Based on the critique responses 240, one (or more) of the candidate responses 230 can be selected using evaluation engine 155. For instance, the candidate response 230 which is determined to comply with the most response evaluation criteria of the set of response evaluation criteria 232 can be selected as the selected response 250. This can be determined on the basis of the comparison measure. For instance, the candidate response with the highest corresponding comparison measure (e.g., as indicated by the corresponding critique response 240) can be selected as the selected response 250.
As an example of this particular evaluation mechanism, assume that NL based input X has been submitted to the NL based response system 120, which has responsively provided candidate responses A, B and C. Further assume that the NL based response system 120 has obtained a set of response evaluation criteria Y which includes eight response evaluation criteria, and has generated critique responses A*, B*, and C* based on comparing the candidate responses A, B, and C to the set of response evaluation criteria Y respectively. In this example, critique response A* indicates that candidate response A complies with six out of eight of the set of response evaluation criteria Y (e.g. critique response A* can include a comparison measure of 0.75). Further, critique response B* indicates that candidate response B complies with seven out of eight of the set of response evaluation criteria Y (e.g. critique response B* can include a comparison measure of 0.875). Moreover, critique response C* indicates that candidate response C complies with two out of eight of the set of response evaluation criteria Y (e.g. critique response C* can include a comparison measure of 0.25). Accordingly, in this example, candidate response B can be selected as the selected candidate response using the evaluation engine 155 since it has been determined to comply with the highest number of the set of response evaluation criteria Y (and can thus be considered to be the “highest quality” response).
As another example of a particular evaluation mechanism, one or more critique responses 240 can be generated for all of the candidate responses 230. For instance, the critique response(s) 240 can be generated based on comparing all of the candidate responses 230 with the set of response evaluation criteria 232, using the LLM. The critique response(s) 240 can thus include an indication of a candidate response 230 which is determined to best comply with the set of response criteria 232. The critique response(s) 240 can also include an indication of the reasoning for why the particular candidate response 230 was determined to best comply with the set of response evaluation criteria 232. Generating the critique response(s) can be initiated by generating and processing a request for the LLM to determine which one of the candidate responses 230 best complies with the set of response evaluation criteria 232. Where a single critique response 240 is generated, the candidate response 230 determined as best complying with the set of response evaluation criteria 232 in the critique response 240 can be selected as the selected response 250.

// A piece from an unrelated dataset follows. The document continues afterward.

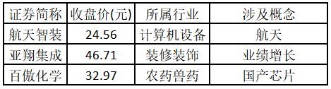 从涨势强度来看,涨停板个股中,股价创出历史新高的个股共有3只,包括航天智装、亚翔集成、百傲化学。

In some implementations, multiple critique responses 240 can be generated using the LLM, with each of the critique responses 240 including an indication as to which of the candidate responses 230 best complies with the set of evaluation criteria 232. As described herein, since the LLM can be probabilistic in nature, each of the critique responses 240 may vary (e.g. in terms of the candidate response 230 indicated as best complying the set of response evaluation criteria 232 and/or in the indication of reasoning provided), even though the critique responses 240 were generated based on the same candidate responses 230 and the same set of response evaluation criteria 232 using the LLM. Additionally, or alternatively, multiple critique responses 240 can be generated based on processing the candidate responses 230 with different subsets of the set of response evaluation criteria 232, to generate more diverse critique responses 240. From the plurality of critique responses 240, it can be determined which of the candidate responses 230 is most consistently (e.g., most often) determined as best complying with the set of response evaluation criteria 232. This candidate response 230 can thus be selected as the selected response 250. In this example, a comparison measure can be determined across the plurality of critique responses 240. The comparison measure can be indicative of a consistency across the plurality of critique responses 240 for the selected response 250 being indicated as the candidate response 230 which best complies with the set of response evaluation criteria 232. For instance, the comparison measure can be based on performing majority voting over the plurality of critique responses 240. In some implementations, the comparison measure can be in a range between 0 and 1.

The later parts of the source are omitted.